*Assignment:* Write out exactly the lines below that run from the one containing "Front Cap with" through the one containing "Picture 1. Poster Of The Event", both included, with no other lines.

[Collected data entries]

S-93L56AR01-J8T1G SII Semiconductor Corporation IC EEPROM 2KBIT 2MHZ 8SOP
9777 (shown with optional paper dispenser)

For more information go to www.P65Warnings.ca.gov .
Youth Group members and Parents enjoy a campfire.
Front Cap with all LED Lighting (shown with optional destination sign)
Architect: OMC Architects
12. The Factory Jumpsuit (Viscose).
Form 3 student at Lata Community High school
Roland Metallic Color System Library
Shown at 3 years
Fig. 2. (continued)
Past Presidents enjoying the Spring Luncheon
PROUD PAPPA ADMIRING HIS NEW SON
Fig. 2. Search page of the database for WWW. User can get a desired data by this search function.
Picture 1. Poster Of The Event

--

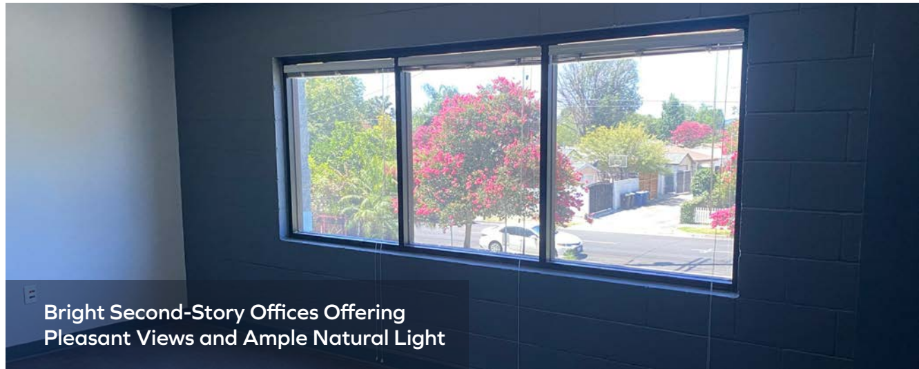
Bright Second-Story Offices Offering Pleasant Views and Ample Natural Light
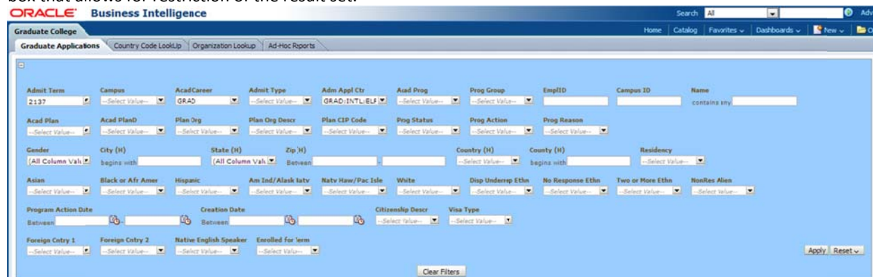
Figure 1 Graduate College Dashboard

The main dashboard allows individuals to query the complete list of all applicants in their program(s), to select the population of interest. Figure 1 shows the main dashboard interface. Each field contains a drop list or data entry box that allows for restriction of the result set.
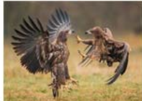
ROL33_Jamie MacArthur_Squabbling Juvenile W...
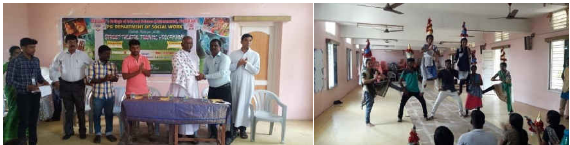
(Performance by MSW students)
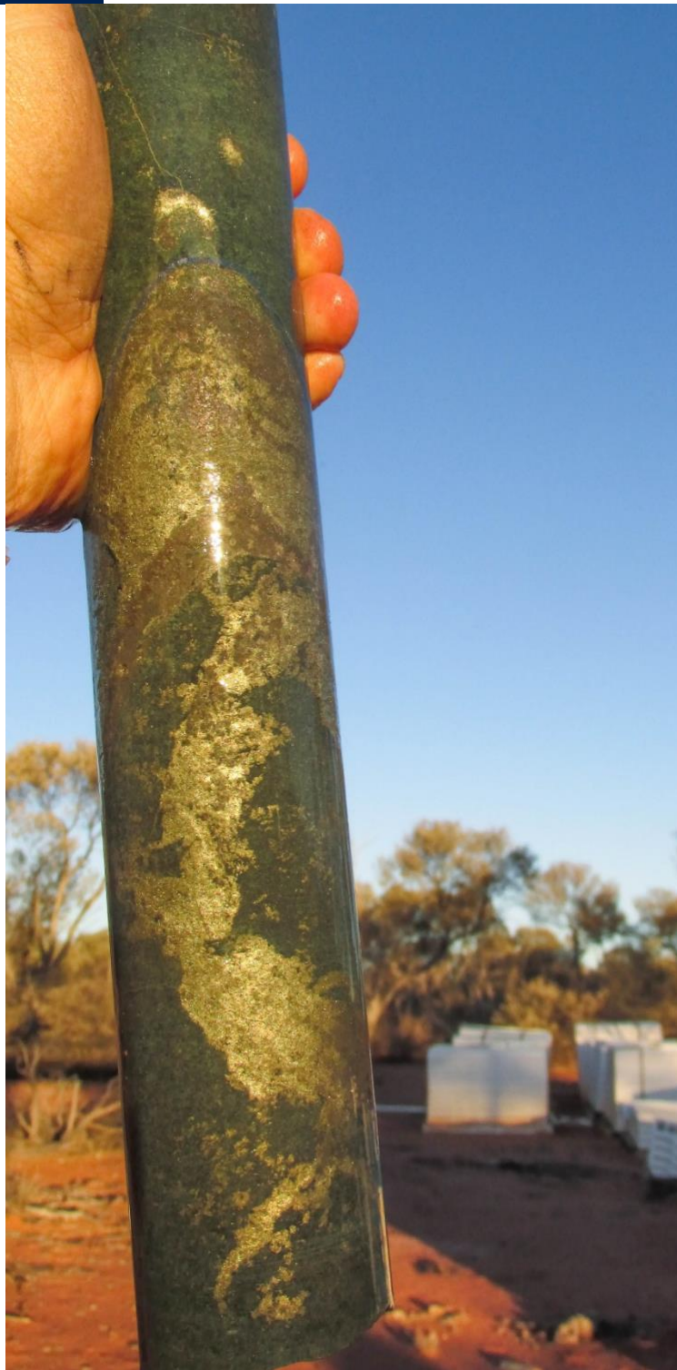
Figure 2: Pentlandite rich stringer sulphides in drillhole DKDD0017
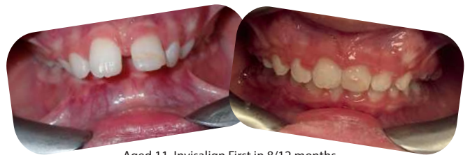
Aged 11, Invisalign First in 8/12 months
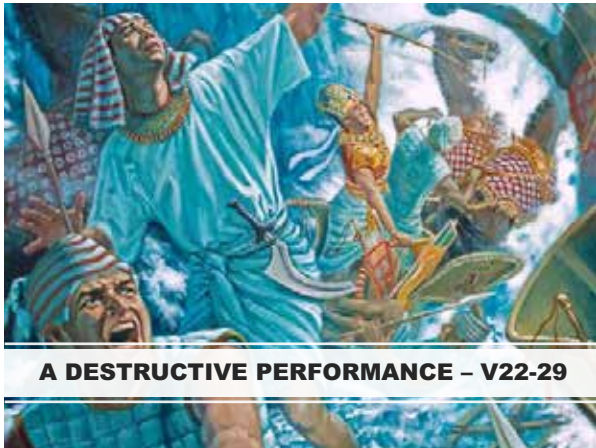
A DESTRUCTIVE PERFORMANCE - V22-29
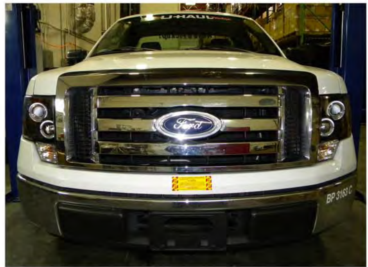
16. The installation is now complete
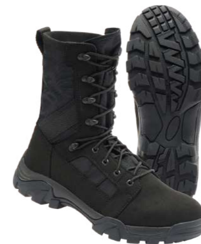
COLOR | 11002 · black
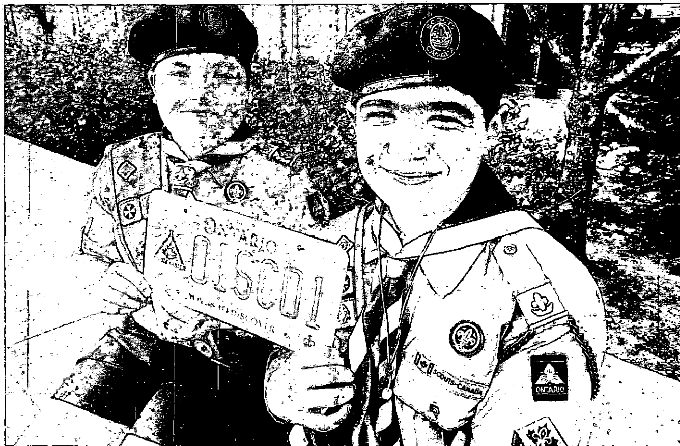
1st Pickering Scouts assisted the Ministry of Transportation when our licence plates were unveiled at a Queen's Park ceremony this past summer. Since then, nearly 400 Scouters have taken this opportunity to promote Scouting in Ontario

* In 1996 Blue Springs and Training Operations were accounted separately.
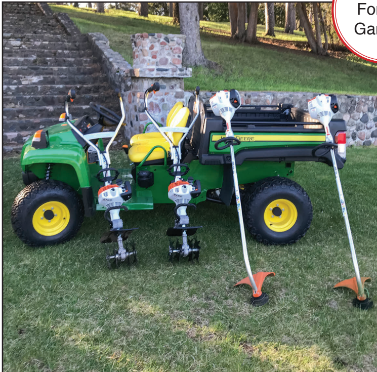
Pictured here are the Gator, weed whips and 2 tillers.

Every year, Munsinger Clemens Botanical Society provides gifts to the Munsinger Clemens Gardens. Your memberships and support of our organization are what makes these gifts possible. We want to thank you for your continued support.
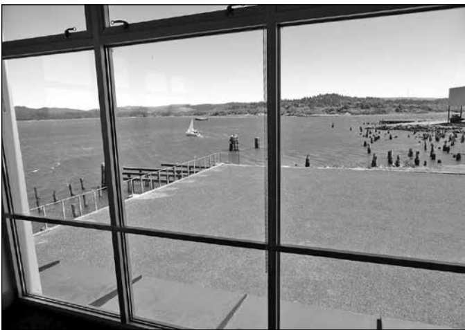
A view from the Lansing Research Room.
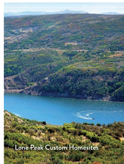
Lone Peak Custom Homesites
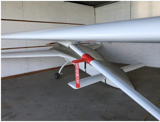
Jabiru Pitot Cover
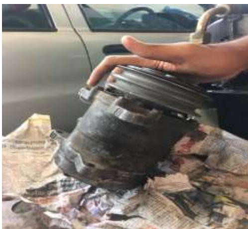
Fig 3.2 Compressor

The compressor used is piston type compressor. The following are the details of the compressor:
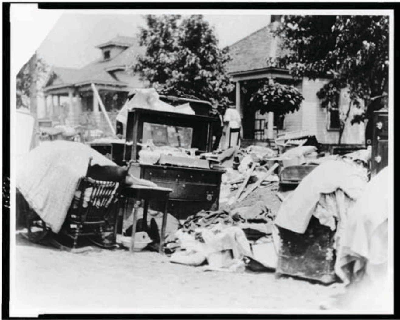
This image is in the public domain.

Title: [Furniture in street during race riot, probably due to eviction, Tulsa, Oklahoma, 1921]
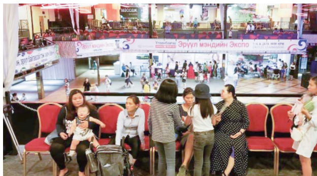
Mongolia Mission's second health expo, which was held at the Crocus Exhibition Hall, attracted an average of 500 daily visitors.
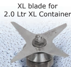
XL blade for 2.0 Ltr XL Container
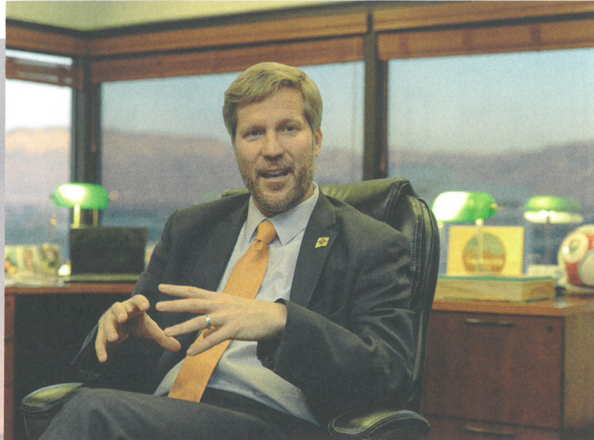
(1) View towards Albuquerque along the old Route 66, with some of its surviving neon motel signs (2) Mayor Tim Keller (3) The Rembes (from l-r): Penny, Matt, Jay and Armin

* * *

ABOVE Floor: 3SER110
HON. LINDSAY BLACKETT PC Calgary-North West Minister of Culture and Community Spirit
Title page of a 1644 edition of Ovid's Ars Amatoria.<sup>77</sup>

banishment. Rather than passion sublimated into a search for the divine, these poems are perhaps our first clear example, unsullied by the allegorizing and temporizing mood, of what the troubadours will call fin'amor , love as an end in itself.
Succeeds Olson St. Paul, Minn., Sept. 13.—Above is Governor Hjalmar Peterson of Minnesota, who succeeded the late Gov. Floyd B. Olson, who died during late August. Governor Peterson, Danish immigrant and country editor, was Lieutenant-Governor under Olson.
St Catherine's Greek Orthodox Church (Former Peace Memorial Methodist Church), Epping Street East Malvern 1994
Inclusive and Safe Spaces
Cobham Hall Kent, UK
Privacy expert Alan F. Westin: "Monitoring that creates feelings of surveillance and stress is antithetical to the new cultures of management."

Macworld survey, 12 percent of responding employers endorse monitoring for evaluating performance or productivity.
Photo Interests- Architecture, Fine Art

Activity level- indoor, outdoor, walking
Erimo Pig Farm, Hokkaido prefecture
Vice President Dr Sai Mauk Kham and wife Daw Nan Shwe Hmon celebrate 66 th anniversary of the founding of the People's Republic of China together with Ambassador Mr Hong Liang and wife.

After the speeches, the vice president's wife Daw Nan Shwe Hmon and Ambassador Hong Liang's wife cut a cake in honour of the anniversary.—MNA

*Exercise solution:*
Front Cap with all LED Lighting (shown with optional destination sign)
Architect: OMC Architects
12. The Factory Jumpsuit (Viscose).
Form 3 student at Lata Community High school
Roland Metallic Color System Library
Shown at 3 years
Fig. 2. (continued)
Past Presidents enjoying the Spring Luncheon
PROUD PAPPA ADMIRING HIS NEW SON
Fig. 2. Search page of the database for WWW. User can get a desired data by this search function.
Picture 1. Poster Of The Event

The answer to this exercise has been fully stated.